Given the records underneath, please repeat exactly the lines from the line with "可可西里+艾肯泉+青海湖+茶" through the line with "SAN JOSE, Calif.--(BUSINESS", passing over any picture.

▸ RECORDS FOR THE TASK:

------------------------------

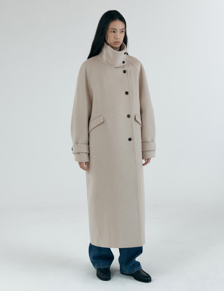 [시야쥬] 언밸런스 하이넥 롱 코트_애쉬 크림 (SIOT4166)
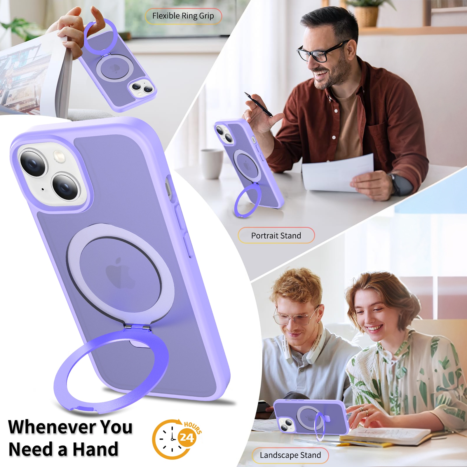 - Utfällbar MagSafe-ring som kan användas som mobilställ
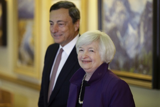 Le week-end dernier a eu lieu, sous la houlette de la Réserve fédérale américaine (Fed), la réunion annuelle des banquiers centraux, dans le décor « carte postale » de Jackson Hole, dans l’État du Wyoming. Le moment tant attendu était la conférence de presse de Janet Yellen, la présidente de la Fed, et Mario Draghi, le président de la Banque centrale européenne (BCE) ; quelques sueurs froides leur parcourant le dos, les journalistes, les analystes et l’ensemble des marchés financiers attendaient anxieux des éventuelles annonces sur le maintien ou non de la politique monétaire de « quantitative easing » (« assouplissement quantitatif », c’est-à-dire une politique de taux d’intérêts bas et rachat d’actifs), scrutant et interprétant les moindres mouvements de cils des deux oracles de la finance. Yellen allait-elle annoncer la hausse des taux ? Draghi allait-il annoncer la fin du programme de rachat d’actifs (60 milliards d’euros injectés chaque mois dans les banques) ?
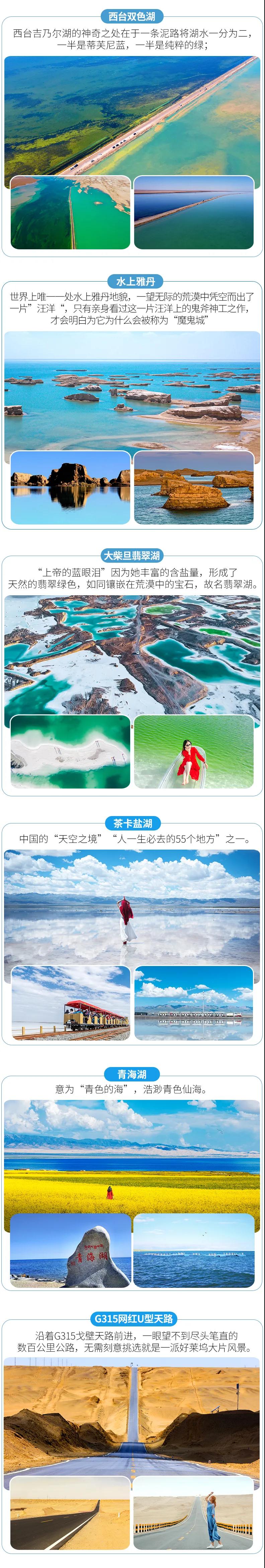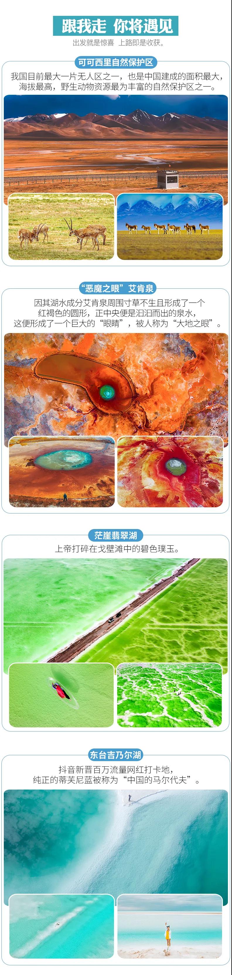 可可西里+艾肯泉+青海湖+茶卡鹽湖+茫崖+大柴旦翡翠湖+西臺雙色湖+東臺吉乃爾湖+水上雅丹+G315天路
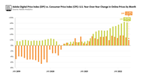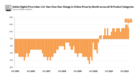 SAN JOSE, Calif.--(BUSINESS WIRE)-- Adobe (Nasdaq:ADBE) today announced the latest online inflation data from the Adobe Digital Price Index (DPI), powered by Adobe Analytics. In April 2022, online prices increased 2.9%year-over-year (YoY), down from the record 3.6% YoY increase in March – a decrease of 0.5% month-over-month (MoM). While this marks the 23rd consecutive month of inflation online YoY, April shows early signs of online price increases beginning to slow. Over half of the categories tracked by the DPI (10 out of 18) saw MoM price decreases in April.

------------------------------

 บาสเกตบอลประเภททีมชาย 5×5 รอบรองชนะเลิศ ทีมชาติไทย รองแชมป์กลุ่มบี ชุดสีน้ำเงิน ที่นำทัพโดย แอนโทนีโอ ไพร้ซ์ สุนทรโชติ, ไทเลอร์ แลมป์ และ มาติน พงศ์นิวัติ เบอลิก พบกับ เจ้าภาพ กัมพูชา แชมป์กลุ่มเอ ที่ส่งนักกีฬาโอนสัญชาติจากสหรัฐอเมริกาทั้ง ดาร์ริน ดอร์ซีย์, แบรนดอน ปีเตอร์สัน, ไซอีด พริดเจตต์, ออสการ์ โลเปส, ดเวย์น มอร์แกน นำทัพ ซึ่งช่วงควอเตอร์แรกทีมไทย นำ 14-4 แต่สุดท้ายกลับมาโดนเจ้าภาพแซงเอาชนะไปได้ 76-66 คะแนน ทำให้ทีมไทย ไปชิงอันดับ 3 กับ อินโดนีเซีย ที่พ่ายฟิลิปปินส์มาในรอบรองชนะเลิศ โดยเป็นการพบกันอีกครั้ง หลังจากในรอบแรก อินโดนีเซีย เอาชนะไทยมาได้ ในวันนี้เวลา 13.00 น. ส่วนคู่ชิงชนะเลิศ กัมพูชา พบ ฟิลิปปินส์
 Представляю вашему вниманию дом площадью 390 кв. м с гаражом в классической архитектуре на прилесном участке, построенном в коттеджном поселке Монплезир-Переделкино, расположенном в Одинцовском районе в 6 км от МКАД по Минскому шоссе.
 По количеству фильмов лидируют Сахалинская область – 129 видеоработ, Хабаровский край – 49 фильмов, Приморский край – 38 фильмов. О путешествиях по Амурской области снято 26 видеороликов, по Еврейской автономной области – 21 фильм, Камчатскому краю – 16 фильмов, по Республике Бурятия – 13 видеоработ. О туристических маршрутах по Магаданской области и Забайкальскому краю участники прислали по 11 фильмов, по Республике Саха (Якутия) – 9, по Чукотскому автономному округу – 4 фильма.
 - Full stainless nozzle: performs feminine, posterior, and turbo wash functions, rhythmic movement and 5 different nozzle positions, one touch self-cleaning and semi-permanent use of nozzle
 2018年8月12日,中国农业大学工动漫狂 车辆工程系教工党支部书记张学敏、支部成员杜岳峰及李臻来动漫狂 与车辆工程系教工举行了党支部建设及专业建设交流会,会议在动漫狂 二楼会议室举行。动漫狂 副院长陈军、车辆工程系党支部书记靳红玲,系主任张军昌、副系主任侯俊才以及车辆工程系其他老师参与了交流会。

------------------------------

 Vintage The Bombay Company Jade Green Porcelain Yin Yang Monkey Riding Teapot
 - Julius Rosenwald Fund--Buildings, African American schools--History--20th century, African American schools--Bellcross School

------------------------------

▸ WRITTEN ANSWER:
 可可西里+艾肯泉+青海湖+茶卡鹽湖+茫崖+大柴旦翡翠湖+西臺雙色湖+東臺吉乃爾湖+水上雅丹+G315天路
 SAN JOSE, Calif.--(BUSINESS WIRE)-- Adobe (Nasdaq:ADBE) today announced the latest online inflation data from the Adobe Digital Price Index (DPI), powered by Adobe Analytics. In April 2022, online prices increased 2.9%year-over-year (YoY), down from the record 3.6% YoY increase in March – a decrease of 0.5% month-over-month (MoM). While this marks the 23rd consecutive month of inflation online YoY, April shows early signs of online price increases beginning to slow. Over half of the categories tracked by the DPI (10 out of 18) saw MoM price decreases in April.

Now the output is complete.